EXERCISE AIM —
Exactly the lines from the one with "Beats Fit Pro Case Cover, Filoto" through the end of the material are to be output, both included, with no other text.

══════

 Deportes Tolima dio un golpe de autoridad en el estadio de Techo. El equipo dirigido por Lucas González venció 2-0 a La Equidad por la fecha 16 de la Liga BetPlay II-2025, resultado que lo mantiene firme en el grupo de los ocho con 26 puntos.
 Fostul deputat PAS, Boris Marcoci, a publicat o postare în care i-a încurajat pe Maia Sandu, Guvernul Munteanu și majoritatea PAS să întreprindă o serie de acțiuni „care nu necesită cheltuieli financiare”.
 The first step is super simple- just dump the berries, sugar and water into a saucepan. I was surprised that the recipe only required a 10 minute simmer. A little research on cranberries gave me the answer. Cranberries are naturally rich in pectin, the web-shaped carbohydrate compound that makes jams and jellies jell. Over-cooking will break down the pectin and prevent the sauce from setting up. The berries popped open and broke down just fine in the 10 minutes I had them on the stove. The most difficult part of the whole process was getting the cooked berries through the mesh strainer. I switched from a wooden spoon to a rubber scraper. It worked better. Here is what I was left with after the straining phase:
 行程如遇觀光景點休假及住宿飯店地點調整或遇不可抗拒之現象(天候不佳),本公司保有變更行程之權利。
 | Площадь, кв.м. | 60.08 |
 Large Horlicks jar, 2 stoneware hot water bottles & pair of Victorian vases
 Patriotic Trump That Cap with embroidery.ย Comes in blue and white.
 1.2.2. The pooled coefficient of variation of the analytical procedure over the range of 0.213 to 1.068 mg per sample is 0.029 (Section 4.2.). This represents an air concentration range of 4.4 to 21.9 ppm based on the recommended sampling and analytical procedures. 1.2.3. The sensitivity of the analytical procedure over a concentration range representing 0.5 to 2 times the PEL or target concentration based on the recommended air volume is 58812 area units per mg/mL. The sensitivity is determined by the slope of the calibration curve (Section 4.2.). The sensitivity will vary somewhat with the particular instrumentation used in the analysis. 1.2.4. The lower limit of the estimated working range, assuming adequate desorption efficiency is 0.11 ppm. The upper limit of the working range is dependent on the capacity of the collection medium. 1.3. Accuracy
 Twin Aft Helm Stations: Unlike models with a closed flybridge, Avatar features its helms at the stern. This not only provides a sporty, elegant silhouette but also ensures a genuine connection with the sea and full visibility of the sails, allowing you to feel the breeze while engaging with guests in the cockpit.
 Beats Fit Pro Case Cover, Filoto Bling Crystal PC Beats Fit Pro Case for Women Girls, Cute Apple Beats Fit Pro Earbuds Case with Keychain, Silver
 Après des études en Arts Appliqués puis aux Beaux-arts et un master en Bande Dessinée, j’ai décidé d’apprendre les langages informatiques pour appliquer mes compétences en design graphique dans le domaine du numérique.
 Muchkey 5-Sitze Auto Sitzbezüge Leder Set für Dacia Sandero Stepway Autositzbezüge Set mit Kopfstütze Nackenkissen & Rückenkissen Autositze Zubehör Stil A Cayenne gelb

══════

ANSWER TO THIS EXERCISE —
 Beats Fit Pro Case Cover, Filoto Bling Crystal PC Beats Fit Pro Case for Women Girls, Cute Apple Beats Fit Pro Earbuds Case with Keychain, Silver
 Après des études en Arts Appliqués puis aux Beaux-arts et un master en Bande Dessinée, j’ai décidé d’apprendre les langages informatiques pour appliquer mes compétences en design graphique dans le domaine du numérique.
 Muchkey 5-Sitze Auto Sitzbezüge Leder Set für Dacia Sandero Stepway Autositzbezüge Set mit Kopfstütze Nackenkissen & Rückenkissen Autositze Zubehör Stil A Cayenne gelb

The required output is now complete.